> **WHAT IS REQUIRED**:
Wherever pictures appear in the listing below, leave them out, and copy exactly, and only, everything from the line with "Machinery、Tornos、Hanwha Precision Machinery等,其中十大厂商占有大约82%的市场份额。" down to the line with "Después de que".

> **PROVIDED DATA**:
□ □ □ □ □

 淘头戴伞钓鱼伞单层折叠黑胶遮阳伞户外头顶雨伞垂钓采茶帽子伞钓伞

□ □ □ □ □

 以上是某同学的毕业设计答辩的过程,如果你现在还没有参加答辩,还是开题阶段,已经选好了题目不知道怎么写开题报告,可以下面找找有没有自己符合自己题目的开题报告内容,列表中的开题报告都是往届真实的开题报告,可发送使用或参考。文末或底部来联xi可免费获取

□ □ □ □ □

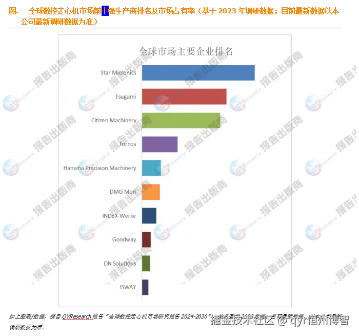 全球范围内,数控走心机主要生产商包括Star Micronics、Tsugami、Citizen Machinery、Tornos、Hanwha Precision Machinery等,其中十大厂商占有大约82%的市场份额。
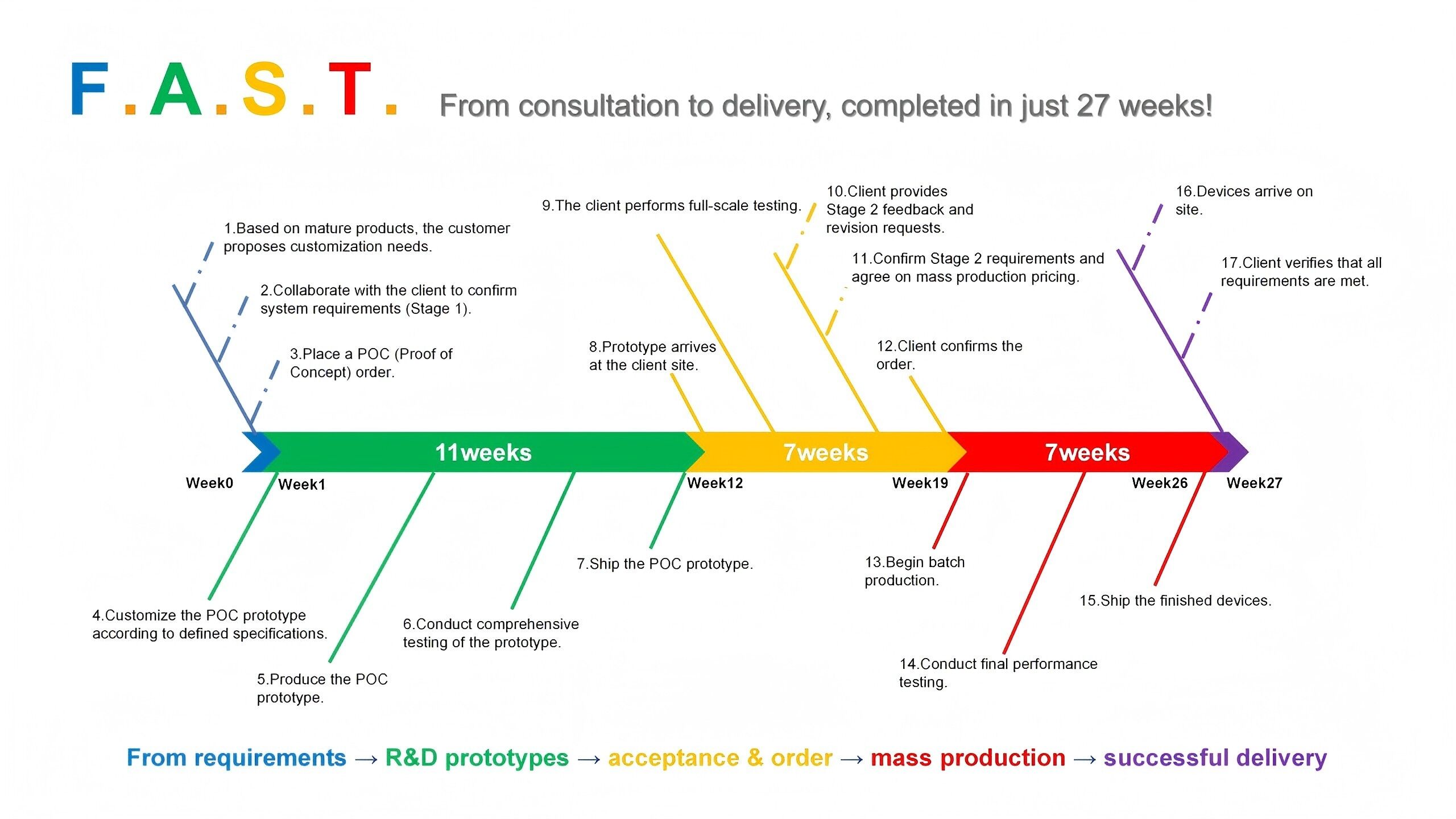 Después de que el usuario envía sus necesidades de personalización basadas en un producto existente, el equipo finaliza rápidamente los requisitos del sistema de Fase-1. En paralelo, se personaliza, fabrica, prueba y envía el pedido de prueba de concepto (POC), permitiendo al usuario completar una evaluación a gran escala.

□ □ □ □ □

> **RESULT OF THE TASK**:
 全球范围内,数控走心机主要生产商包括Star Micronics、Tsugami、Citizen Machinery、Tornos、Hanwha Precision Machinery等,其中十大厂商占有大约82%的市场份额。
 Después de que el usuario envía sus necesidades de personalización basadas en un producto existente, el equipo finaliza rápidamente los requisitos del sistema de Fase-1. En paralelo, se personaliza, fabrica, prueba y envía el pedido de prueba de concepto (POC), permitiendo al usuario completar una evaluación a gran escala.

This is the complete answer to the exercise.